Mrs. McCaskey slipped her arm inside her husband’s and took his rough hand in hers.
“Listen at the cryin’ of poor Mrs. Murphy,” she said. “’Tis an awful thing for a bit of a bye to be lost in this great big city. If ’twas our little Phelan, Jawn, I’d be breakin’ me heart.”
Awkwardly Mr. McCaskey withdrew his hand. But he laid it around the nearing shoulder of his wife.
“’Tis foolishness, of course,” said he, roughly, “but I’d be cut up some meself if our little Pat was kidnapped or anything. But there never was any childer for us. Sometimes I’ve been ugly and hard with ye, Judy. Forget it.”

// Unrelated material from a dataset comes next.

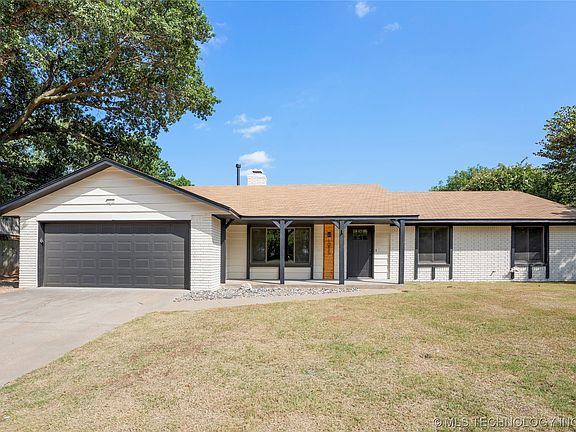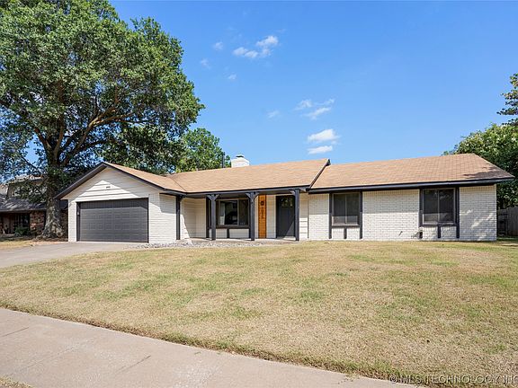Welcome to affordable luxury near South Lakes golf course in Jenks West School district. This 3 bedroom, 2 bath home backs to a greenbelt and has white oak hardwood floors throughout. Gold fixtures and hardware, on trend paint colors and tile, and granite counter tops make this fully remodeled home one of a kind. The dedicated dining area has flexible potential for an office. Additional space off the kitchen could be a 2nd living. The convenience of being 2 miles from Tulsa Hills, with a close proximity to Highway 75 and the Creek turnpike makes this home one that will not last.

They leaned together, and looked down at the heart-drama being acted below.
Long they sat thus. People surged along the sidewalk, crowding, questioning, filling the air with rumours, and inconsequent surmises. Mrs. Murphy ploughed back and forth in their midst, like a soft mountain down which plunged an audible cataract of tears. Couriers came and went.

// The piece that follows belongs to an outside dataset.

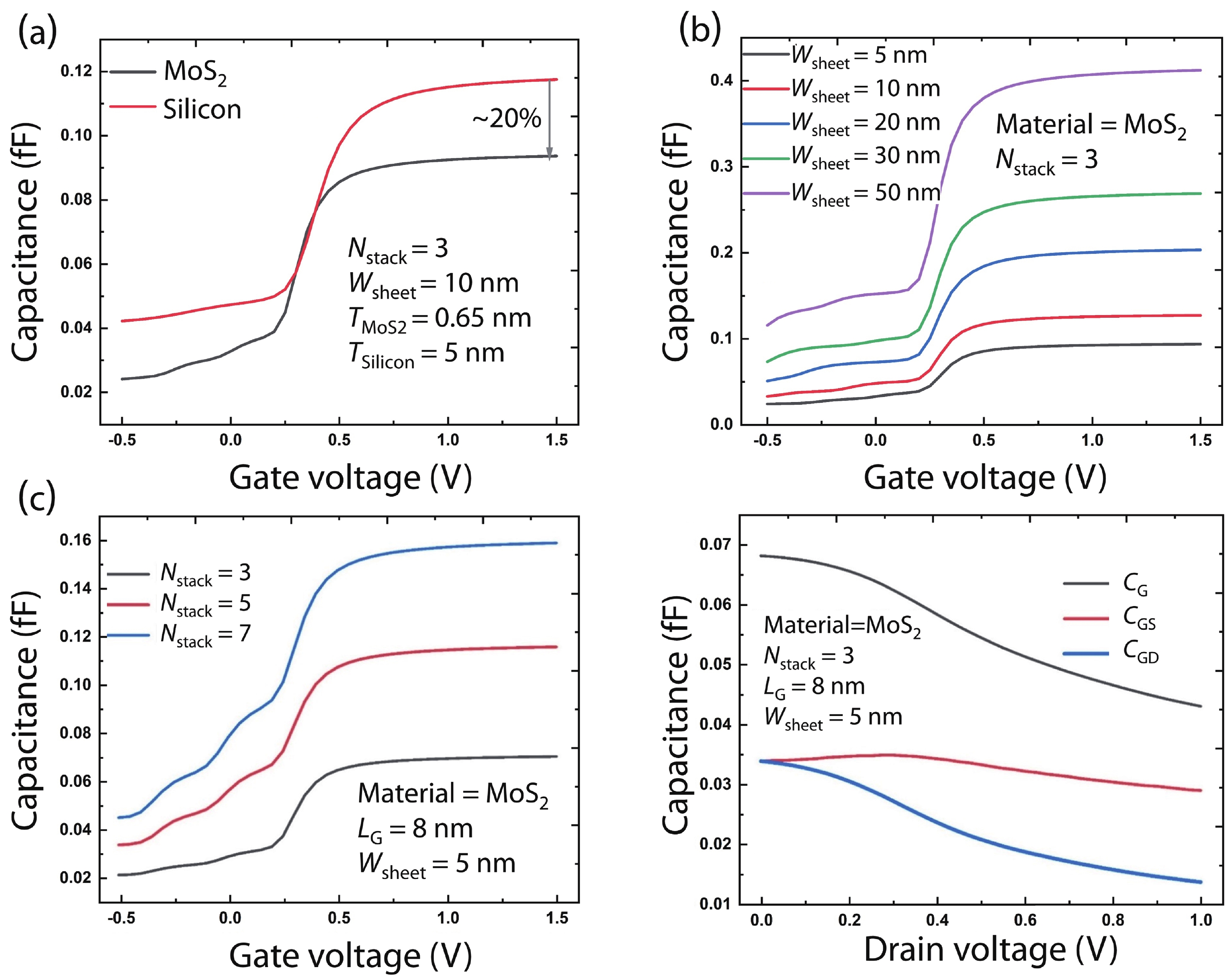 Abstract: Transition metal dichalcogenides are nowadays appealing to researchers for their excellent electronic properties. Vertical stacked nanosheet FET (NSFET) based on MoS2 are proposed and studied by Poisson equation solver coupled with semi-classical quantum correction model implemented in Sentaurus workbench. It is found that, the 2D stacked NSFET can largely suppress short channel effects with improved subthreshold swing and drain induced barrier lowering, due to the excellent electrostatics of 2D MoS2. In addition, small-signal capacitance is extracted and analyzed. The MoS2 based NSFET shows great potential to enable next generation electronics.

Loud voices and a renewed uproar were raised in front of the boarding-house.
“What’s up now, Judy?” asked Mr. McCaskey.
“’Tis Missis Murphy’s voice,” said Mrs. McCaskey, harking. “She says she’s after finding little Mike asleep behind the roll of old linoleum under the bed in her room.”
Mr. McCaskey laughed loudly.
“That’s yer Phelan,” he shouted, sardonically. “Divil a bit would a Pat have done that trick. If the bye we never had is strayed and stole, by the powers, call him Phelan, and see him hide out under the bed like a mangy pup.”
Mrs. McCaskey arose heavily, and went toward the dish closet, with the corners of her mouth drawn down.
Policeman Cleary came back around the corner as the crowd dispersed. Surprised, he upturned an ear toward the McCaskey apartment, where the crash of irons and chinaware and the ring of hurled kitchen utensils seemed as loud as before. Policeman Cleary took out his timepiece.
“By the deported snakes!” he exclaimed, “Jawn McCaskey and his lady have been fightin’ for an hour and a quarter by the watch. The missis could give him forty pounds weight. Strength to his arm.”
Policeman Cleary strolled back around the corner.
Old man Denny folded his paper and hurried up the steps just as Mrs. Murphy was about to lock the door for the night.